In the data below, locate the line containing "聲明:【UPVC塑料蝶閥】規" and the line containing "徳世津子さんの総運は33画の4点!", then retype both and everything between them exactly. Pictures are not part of the copy.

★ ★ ★ ★

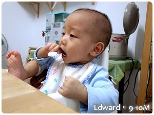 10個月大的Edward 除了喜歡亂咬東西,還好也挺喜歡吃東西。
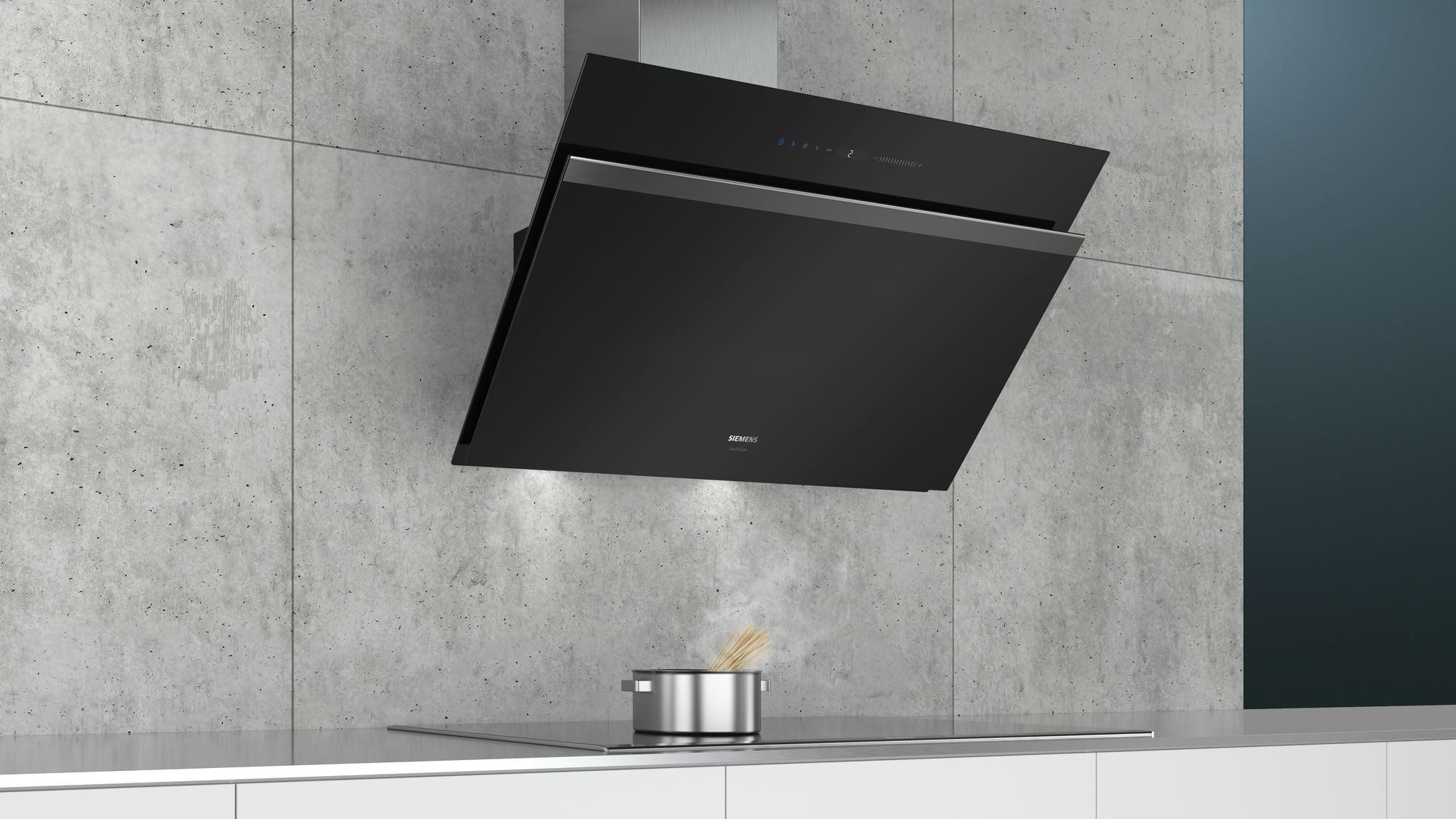 Bauform Wand-Esse 90 cm Schwarz Betriebsart und Leistung Wahlweise Abluft- oder Umluftbetrieb Für Umluftbetrieb wird ein Umluftset (Sonderzubehör) benötigt Bei Umluft kaminloser Betrieb möglich Max. Förderleistung: 980 m3/h Max. Lüfterleistung 540 m³/h bei Abluftbetrieb nach EN 61591 Lüfterleistung bei Abluftbetrieb nach EN 61591: max. Normalstufe 540 m³/h, Intensivstufe 980 m³/h Umluftleistung: max. Normalbetrieb 470 m³/h Intensivstufe 670 m³/h PowerBoost Stellung 2 Einsaugbereiche: Frontseite und Unterseite Komfort Luftgütesensor Metall-Fettfilter, spülmaschinengeeignet Sättigungsanzeige für Metallfett- und Aktivkohlefilter touchSlider Bedienung (3 Leistungsstufen + 2 Intensivstufen) mit LED-Anzeige, 2x7-Segment Intensivstufen mit automatischer Rückstellung Automatischer Gebläsenachlauf Doppelflutiges Hochleistungsgebläse Boost-Funktion Reinigungsfreundlicher Innenrahmen HomeConnect-fähig über WLAN cookConnect System (mit passendem Kochfeld) cookConnect System mit vollautomatischem Lüfterbetrieb Design blackSteel Design Schräg-Esse Randabsaugung Filterabdeckung aus Glas Glasscheibe: Klarglas schwarz bedruckt emotionLight Pro softLight Dimm-Funktion Arbeitsplatzbeleuchtung mit 2 x 3W LED-Modul Beleuchtungsstärke: 460 lux Farbtemperatur: 3500 K Umwelt und Sicherheit Energie-Effizienzklasse: A+* Durchschnittlicher Energieverbrauch: 32.2 kWh/Jahr* Lüfter-Effizienzklasse: A* Fettfilter-Effizienzklasse: B* Beleuchtungs-Effizienzklasse: A* Extrem geräuscharmer Betrieb durch spezielle Geräuschdämmung Geräusch min./max. Normalstufe: 41/55 dB Geräuschwerte nach EN 60704-3 und EN 60704-2-13 bei Abluftbetrieb: Max. Normalstufe: 55 dB(A) re 1 pW (41 dB(A) re 20 µPa Schalldruck) Intensivstufe: 68 dB(A) re 1 pW (54 dB(A) re 20 µPa Schalldruck) Geräuschwerte nach EN 60704-3 und EN 60704-2-13 max. Normalstufe Abluftbetrieb: 55 dB(A) re 1 pW (41 dB(A) re 20 µPa Schalldruck) Geräuschwerte bei Umluftbetrieb: max. Normalstufe: 69 dB(A) re 1 pW (56 dB(A) re 20 µPa Schalldruck) Intensivstufe: 78 dB(A) re 1 pW (64 dB(A) re 20 µPa Schalldruck) Energiesparender Betrieb mit iQdrive-Motortechnologie Maße Für Wandmontage über Kochstellen Abluftstutzen Ø 150 mm (Ø 120 mm beiliegend) Gerätemaße Abluft (HxBxT): 930-1200 x 890 x 499 mm Gerätemaße Umluft ohne Kamin (HxBxT): 370 x 890 x 499 mm Gerätemaße Umluft mit Kamin (HxBxT): 990-1260 x 890 x 499 mm Gerätemaße Umluft mit CleanAir Umluftmodul (HxBxT): 1120 x 890 x 499 mm - Montage auf Außenkanal 1190-1460 x 890 x 499 mm - Montage auf Innenkanal mit Rückstauklappe Gesamtanschlusswert: 270 W
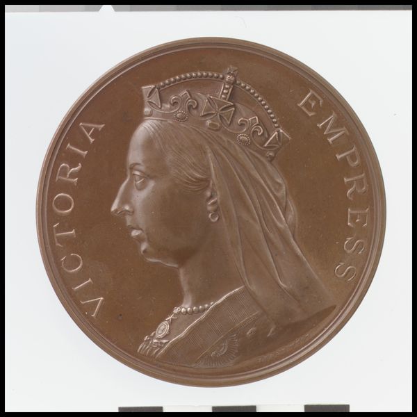Editor: Here we have the Victoria "Gothic" Crown, created by William Wyon in 1847. It’s a striking metal relief, a coin actually, depicting Queen Victoria in profile. There's a real sense of formality here. What are your initial thoughts, looking at this piece? Curator: My eyes are immediately drawn to the overt symbolism. Beyond the crown, obviously representing royalty and power, note the “Gothic” style it evokes. The "Gothic" inscription intertwines faith and temporal authority. Wyon, in selecting this imagery, intentionally links Victoria to a lineage of strong, divinely sanctioned rulers, drawing from collective historical memory. Do you see the lettering bordering her profile? Editor: Yes, the lettering surrounding the portrait. It seems intentionally elaborate. Curator: Precisely! Notice how the lettering mimics illuminated manuscripts. This stylistic choice acts as a visual shorthand, instantly communicating ideas of tradition, authority, and even divine right. How does that visual vocabulary resonate with you? What feeling does it evoke? Editor: It makes it seem almost… theatrical, like she's playing a role within this grand historical narrative. Curator: An excellent point. It wasn’t merely about recording her image; it was about crafting a carefully constructed symbol for an empire and a figure who stood as a powerful matriarch. What do you make of that potent use of visual language? Editor: I see how the artist imbued a simple portrait with so much loaded meaning; I will remember this for my final essay on visual semiotics! Curator: Indeed! Wyon's craft encapsulates the potency of symbols. Looking closely reminds us that visual rhetoric shapes and reinforces collective beliefs, leaving indelible imprints across generations.
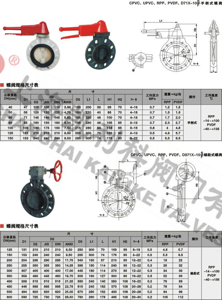 聲明:【UPVC塑料蝶閥】規格型號、結構尺寸由上海凱利科閥門有限公司提供,如何選擇適用的UPVC塑料蝶閥產品,使之在工藝控制中安全可靠、經濟適用,可致電我司銷售部門及技術部門,我們將在最短的時間內為您解答!
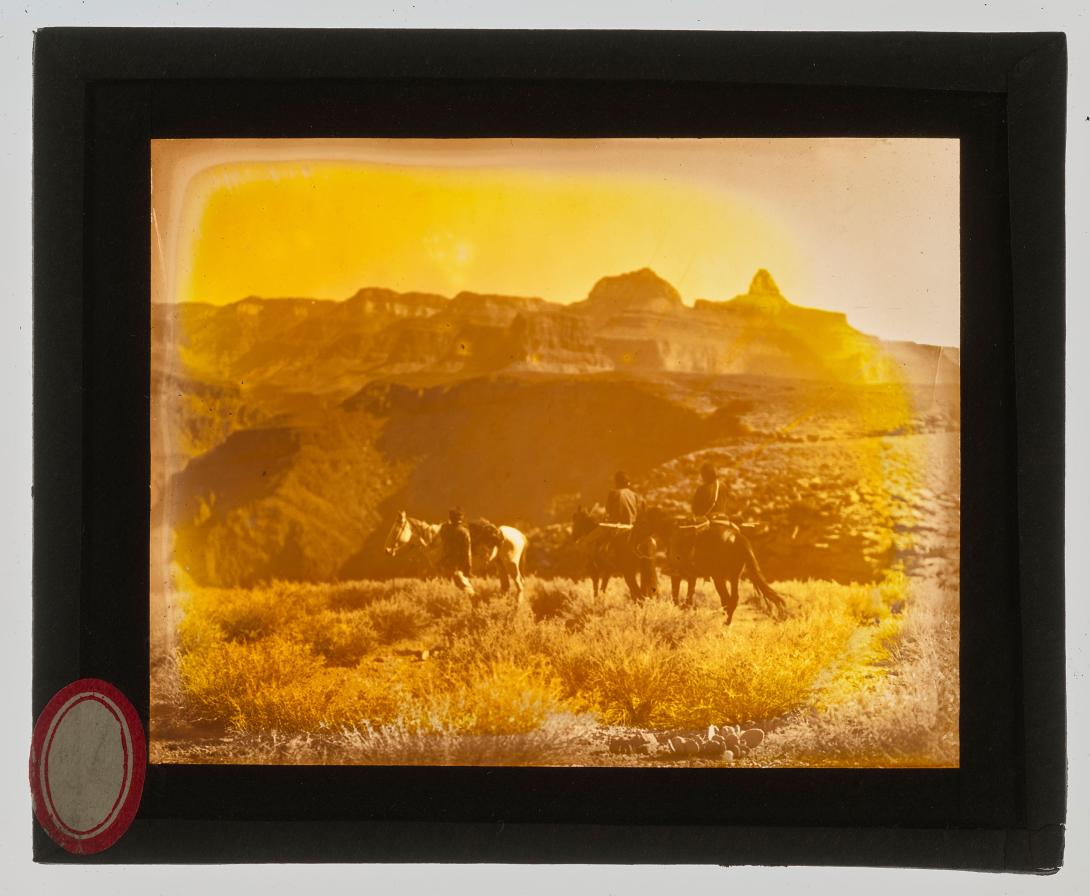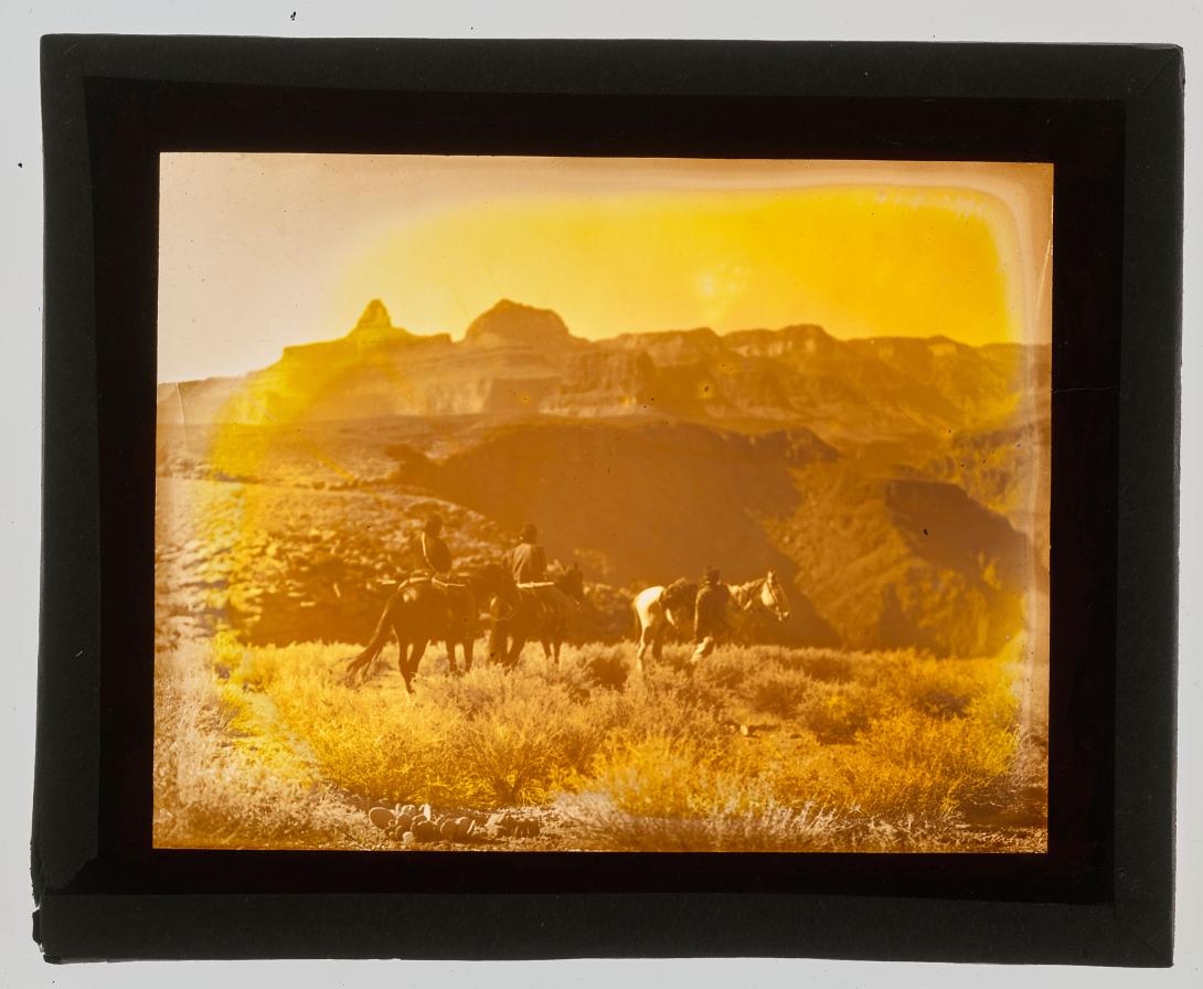 Title from the Smithsonian Virtual Online Archives (SOVA), National Museum of Natural History, National Anthropological Archives (viewed May 2021): Guide to the Edward S. Curtis papers and photographs, circa 1895-2001; series 9.4: Other Photographs, Grand Canyon series, ca. 1915, box G34; ESCgc11: Men and horses at the Grand Canyon.
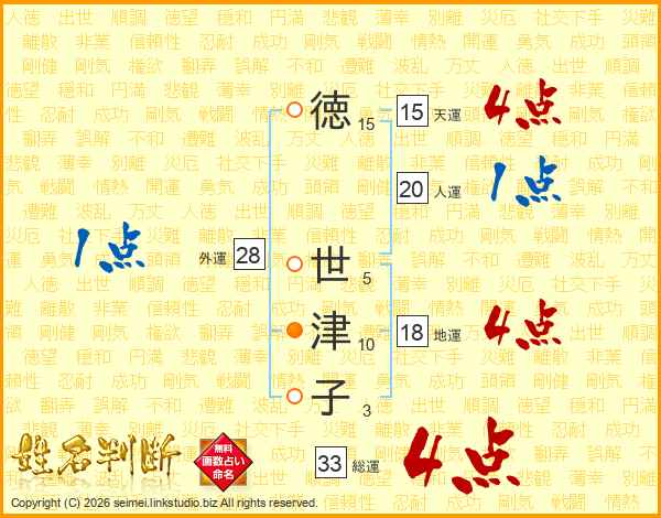徳世津子さんの総運は33画の4点!
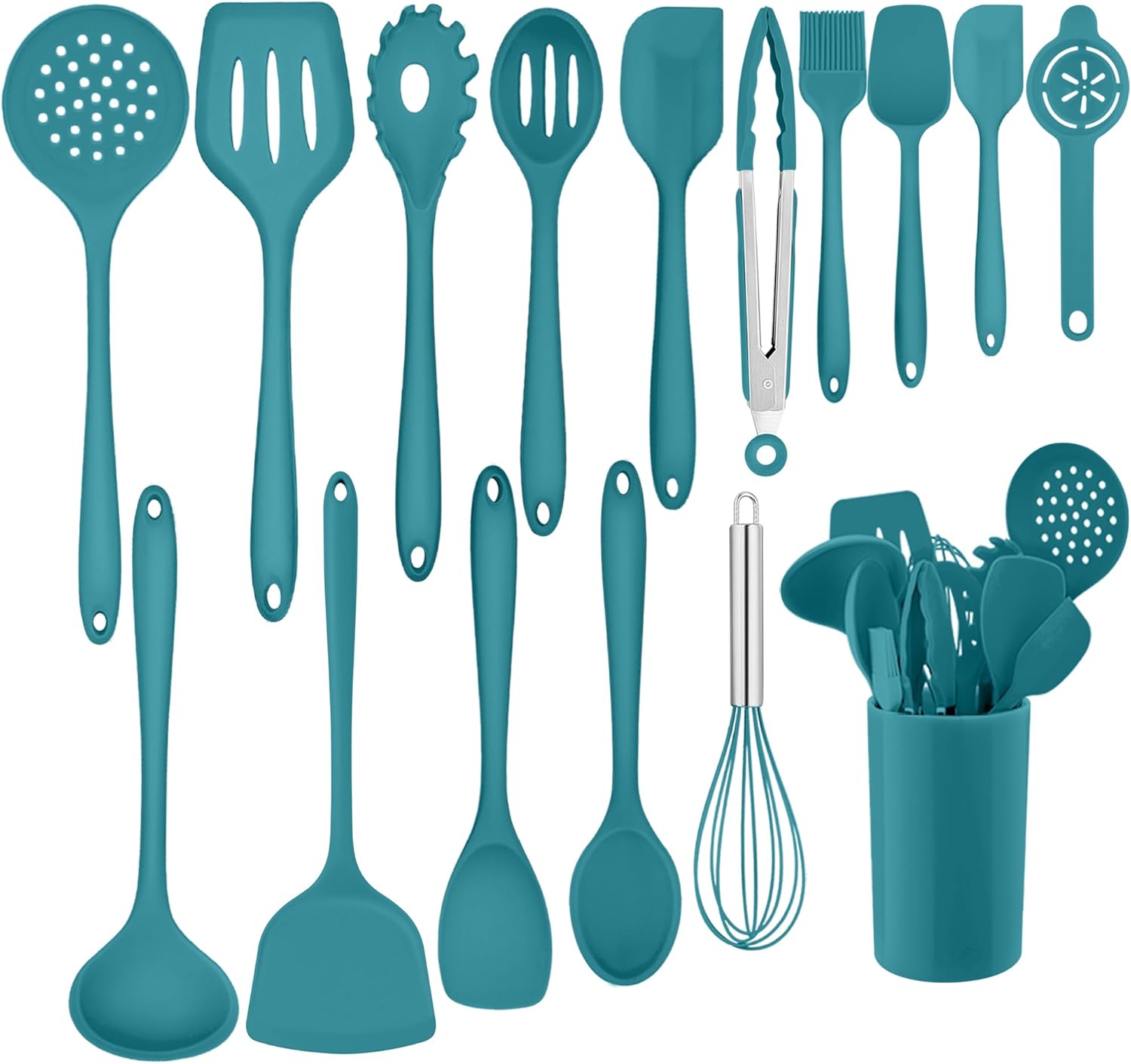 Homikit Kitchen Utensil Set 16-Piece Silicone Kitchen Utensils Cooking Utensils Set with Utensil Holder Heat-resistant Cooking Cutlery Healthy and Non-Stick Dishwasher Safe Blue

★ ★ ★ ★

*REPLY*:
 聲明:【UPVC塑料蝶閥】規格型號、結構尺寸由上海凱利科閥門有限公司提供,如何選擇適用的UPVC塑料蝶閥產品,使之在工藝控制中安全可靠、經濟適用,可致電我司銷售部門及技術部門,我們將在最短的時間內為您解答!
 Title from the Smithsonian Virtual Online Archives (SOVA), National Museum of Natural History, National Anthropological Archives (viewed May 2021): Guide to the Edward S. Curtis papers and photographs, circa 1895-2001; series 9.4: Other Photographs, Grand Canyon series, ca. 1915, box G34; ESCgc11: Men and horses at the Grand Canyon.
徳世津子さんの総運は33画の4点!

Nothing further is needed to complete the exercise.